Math Problem Statement

Explain the unbiasedness criteria of a good estimator. Suppose that you have two biased estimators of the same population parameter. Estimator A has a bias equal to 1/n (that is, the mean of the estimator is 1/n unit away from the parameter it estimates), where n is the sample size used. Estimator B has a bias equal to 0.01 (the mean of the estimator is 0.01 unit away from the parameter of interest). Under what condition/s is estimator A better than B?

Solution

Explanation of the Unbiasedness Criterion of a Good Estimator

An estimator is unbiased if the expected value of the estimator equals the true population parameter it estimates. Mathematically, for an estimator $\hat{\theta}$ of a parameter $\theta$ , it is unbiased if: $E[\hat{\theta}] = \theta$ This ensures that on average, across many samples, the estimator provides the correct parameter value.

However, in real-world scenarios, estimators may have some bias due to practical constraints. The bias of an estimator is defined as: $\text{Bias}(\hat{\theta}) = E[\hat{\theta}] - \theta$

In this problem, we compare two biased estimators of the same population parameter.

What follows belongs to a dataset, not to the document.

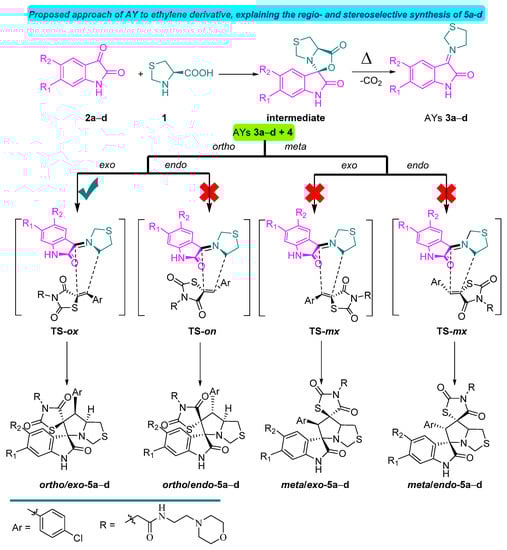 Synthesis of compounds 5a–d via 32CA reaction of AYs 3a–d with ethylene derivative 4.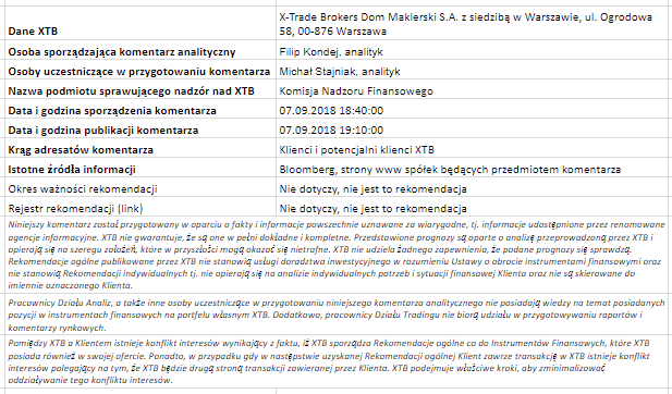 Ta publikacja handlowa jest informacyjna i edukacyjna. Nie jest rekomendacją inwestycyjną ani informacją rekomendującą lub sugerującą strategię inwestycyjną. W materiale nie sugerujemy żadnej strategii inwestycyjnej ani nie świadczymy usługi doradztwa inwestycyjnego. Materiał nie uwzględnia indywidualnej sytuacji finansowej, potrzeb i celów inwestycyjnych klienta. Nie jest też ofertą sprzedaży ani subskrypcji. Nie jest zaproszeniem do nabycia, reklamą ani promocją jakichkolwiek instrumentów finansowych. Publikację handlową przygotowaliśmy starannie i obiektywnie. Przedstawiamy stan faktyczny znany autorom w chwili tworzenia dokumentu. Nie umieszczamy w nim żadnych elementów oceniających. Informacje i badania oparte na historycznych danych lub wynikach oraz prognozy nie stanowią pewnego wskaźnika na przyszłość. Nie odpowiadamy za Twoje działania lub zaniechania, zwłaszcza za to, że zdecydujesz się nabyć lub zbyć instrumenty finansowe na podstawie informacji z tej publikacji handlowej. Nie odpowiadamy też za szkody, które mogą wynikać z bezpośredniego czy też pośredniego wykorzystania tych informacji. Inwestowanie jest ryzykowne. Inwestuj odpowiedzialnie.

Comparison Between Estimators A and B

Bias of Estimator A:
- Bias = $1/n$ , which depends on the sample size $n$ .
- As $n$ increases, $1/n \to 0$ , reducing the bias.
Bias of Estimator B:
- Bias = 0.01, which is constant and independent of $n$ .

When is Estimator A Better?

Estimator A becomes better than Estimator B under the condition that its bias $1/n$ is less than 0.01. Mathematically: $\frac{1}{n} < 0.01 \implies n > 100$

Thus, Estimator A is better than Estimator B when the sample size $n > 100$ because the bias of Estimator A becomes smaller than that of Estimator B.

Summary

Estimator A: Bias decreases with larger sample size.
Estimator B: Bias remains constant at 0.01.
Conclusion: Estimator A is preferred when $n > 100$ .

Do you want a deeper explanation or have specific questions?

Here are five related questions to expand your understanding:

What are the implications of bias in statistical estimation?
How does sample size influence the performance of an estimator?
Can you explain the trade-off between bias and variance in estimation?
Are there situations where a biased estimator is preferable to an unbiased one?
How is the Mean Squared Error (MSE) used to evaluate the overall performance of estimators?

Tip: Always consider both bias and variance when evaluating estimators; a trade-off often exists to minimize overall error.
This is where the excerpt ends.